Top of Exercise input
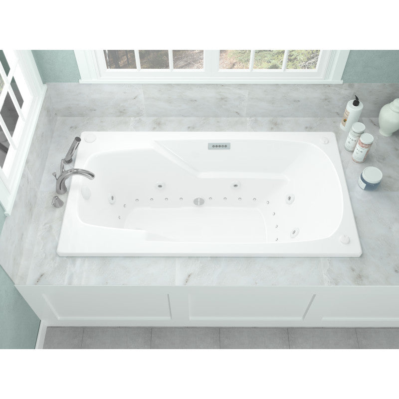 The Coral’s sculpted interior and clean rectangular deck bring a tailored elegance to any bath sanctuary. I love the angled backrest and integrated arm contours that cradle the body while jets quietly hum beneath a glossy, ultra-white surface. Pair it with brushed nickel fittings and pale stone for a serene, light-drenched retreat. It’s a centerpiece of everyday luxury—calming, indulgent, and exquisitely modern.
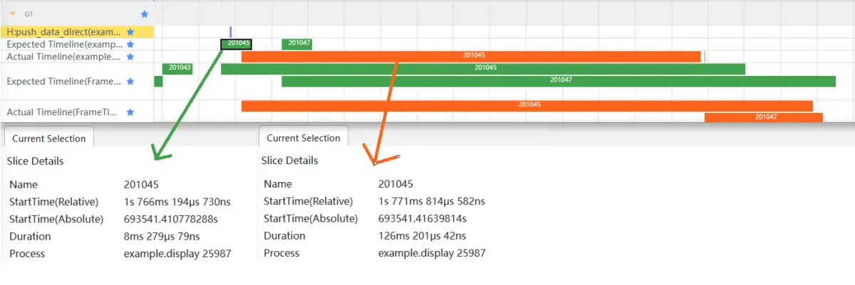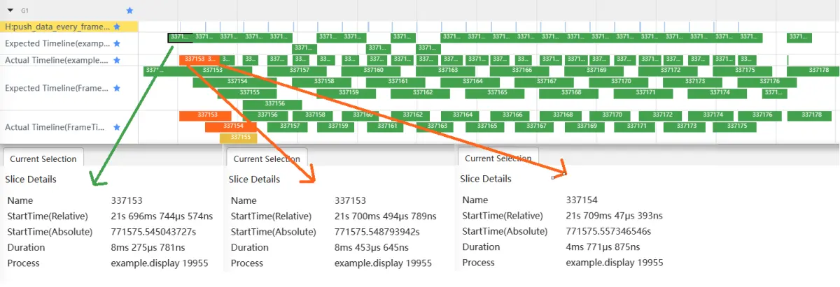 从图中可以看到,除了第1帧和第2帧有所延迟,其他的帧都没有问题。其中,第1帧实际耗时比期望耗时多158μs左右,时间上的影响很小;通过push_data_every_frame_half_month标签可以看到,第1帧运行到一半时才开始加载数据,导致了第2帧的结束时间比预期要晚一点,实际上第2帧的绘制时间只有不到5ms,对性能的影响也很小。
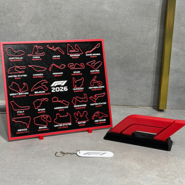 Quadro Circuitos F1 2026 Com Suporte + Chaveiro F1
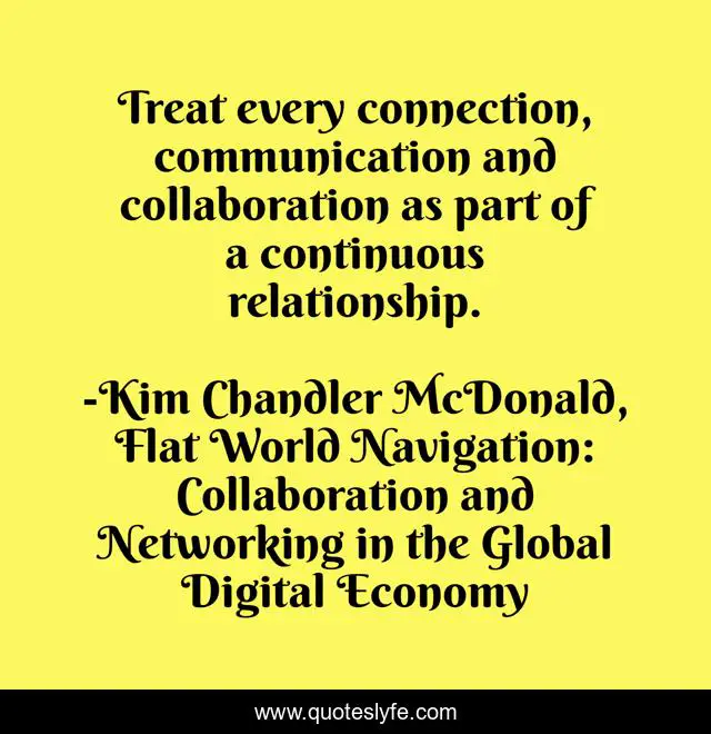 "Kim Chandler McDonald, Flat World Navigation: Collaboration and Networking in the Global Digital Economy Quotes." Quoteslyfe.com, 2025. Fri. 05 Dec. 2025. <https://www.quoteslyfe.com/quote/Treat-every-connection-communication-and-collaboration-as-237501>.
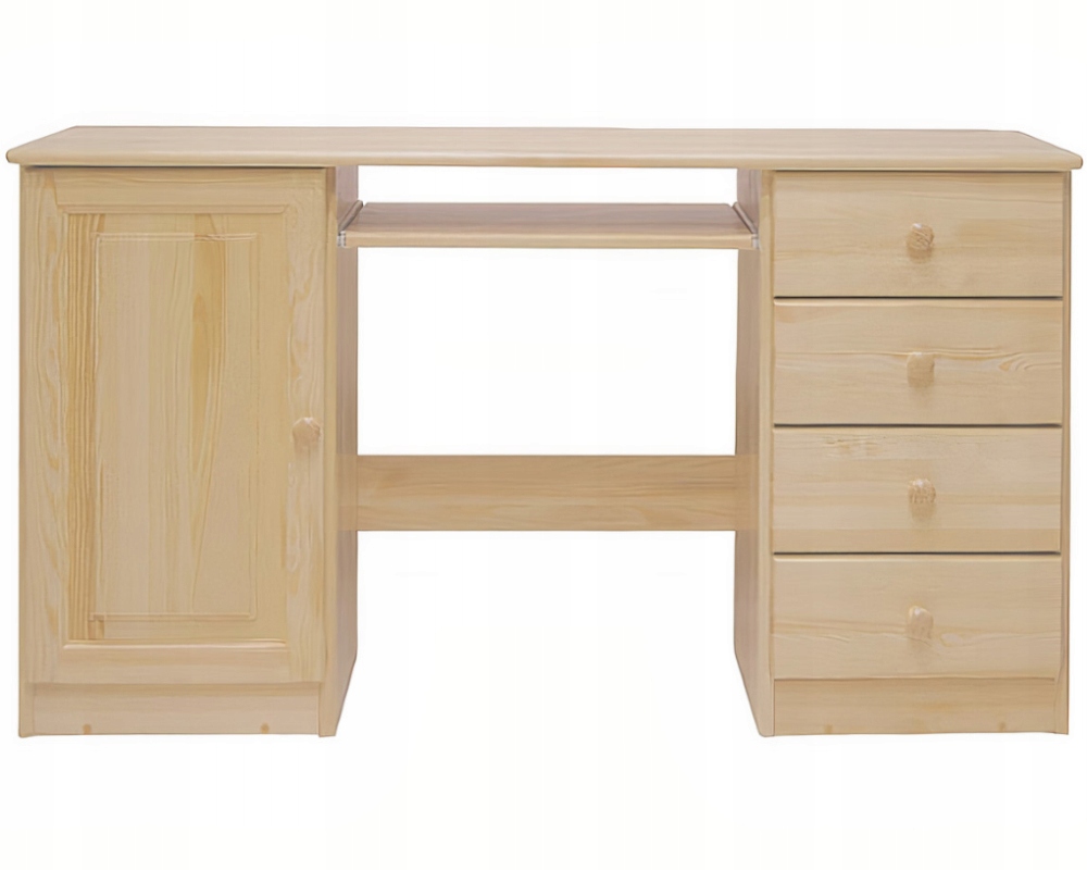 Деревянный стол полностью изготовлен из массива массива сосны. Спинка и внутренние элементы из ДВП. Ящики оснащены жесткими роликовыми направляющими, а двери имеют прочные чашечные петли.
Bottom of Exercise input
▶ _Work to complete_:
Reproduce all entries above exactly, minus the images.

▶ _Task solution_:
 The Coral’s sculpted interior and clean rectangular deck bring a tailored elegance to any bath sanctuary. I love the angled backrest and integrated arm contours that cradle the body while jets quietly hum beneath a glossy, ultra-white surface. Pair it with brushed nickel fittings and pale stone for a serene, light-drenched retreat. It’s a centerpiece of everyday luxury—calming, indulgent, and exquisitely modern.
 从图中可以看到,除了第1帧和第2帧有所延迟,其他的帧都没有问题。其中,第1帧实际耗时比期望耗时多158μs左右,时间上的影响很小;通过push_data_every_frame_half_month标签可以看到,第1帧运行到一半时才开始加载数据,导致了第2帧的结束时间比预期要晚一点,实际上第2帧的绘制时间只有不到5ms,对性能的影响也很小。
 Quadro Circuitos F1 2026 Com Suporte + Chaveiro F1
 "Kim Chandler McDonald, Flat World Navigation: Collaboration and Networking in the Global Digital Economy Quotes." Quoteslyfe.com, 2025. Fri. 05 Dec. 2025. <https://www.quoteslyfe.com/quote/Treat-every-connection-communication-and-collaboration-as-237501>.
 Деревянный стол полностью изготовлен из массива массива сосны. Спинка и внутренние элементы из ДВП. Ящики оснащены жесткими роликовыми направляющими, а двери имеют прочные чашечные петли.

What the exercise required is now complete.